= Panel Syndicate =

Online publisher of digital comics

Panel Syndicate is an online publisher of DRM-free pay what you want digital comics in multiple languages, founded by Marcos Martín to publish his and Brian K. Vaughan's creator-owned comic The Private Eye in March 2013. To date Panel Syndicate has published comics in English, Spanish, Catalan, Portuguese, and French, with additional languages in development. The Private Eye has received critical acclaim and media attention for its role as one of the first DRM-free, pay what you want comics by creators of Martín and Vaughan's caliber. Initially an outlet for publishing Vaughan and Martín's collaborations, Panel Syndicate is open to publishing other creators' works by using the same DRM-free, pay what you want model.

In November 2014, Universe!, a science fiction book made of stand-alone stories created and written by Albert Monteys, was published on the website.

In December 2015, Vaughan and Martín started releasing their second series Barrier, a five-issue series that finished in July 2017, on their website. It is a drama about violence and illegal immigration.

In April 2016, Vaughan and Martín released an authorized Walking Dead stand-alone story that reveals what happened to Jeff Grimes, Rick's brother, called The Walking Dead: The Alien; this story was allowed in exchange for letting Image Comics publish The Private Eye in hardcover.
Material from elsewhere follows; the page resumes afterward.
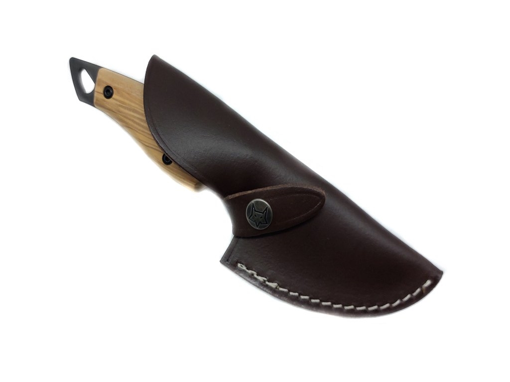 Coltello sportivo. Lunghezza lama 8 cm, larghezza lama massima 4 cm, lunghezza totale 19,5 cm. Lama fissa in acciaio brunita. Dotato di fodero in cuoio marrone, con passante per cinturone. Manico in olivo finemente lavorato a mano. Prodotto in Italia. peso lordo: 277 grammi.

In April 2017, Blackhand Ironhead, a comedy that focuses on families with superheroes while not focusing on the superheroes was published on the website; it was created and written by David López.

In November 2017, Umami, an adventure about Uma and Ami that are cooks for their king, by Ken Niimura was released.
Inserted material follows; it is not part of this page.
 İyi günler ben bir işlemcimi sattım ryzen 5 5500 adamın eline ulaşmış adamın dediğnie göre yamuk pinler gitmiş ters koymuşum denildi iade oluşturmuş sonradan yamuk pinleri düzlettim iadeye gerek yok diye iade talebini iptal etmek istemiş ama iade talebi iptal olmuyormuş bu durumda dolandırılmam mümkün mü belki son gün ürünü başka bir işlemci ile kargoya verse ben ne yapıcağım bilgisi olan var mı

In May 2018, the complete mini-series Barrier was made available in print by Image Comics, starting with the first issue being part of that year's Free Comic Book Day.

In May 2018, Glacier City, a police story about a remote Alaskan town, created by Jay Faerber and Michael Montenat was released.

In 2019, Ken Niimura's Umami, a work published by Panel Syndicate, won the Eisner Award for Best Digital Comic.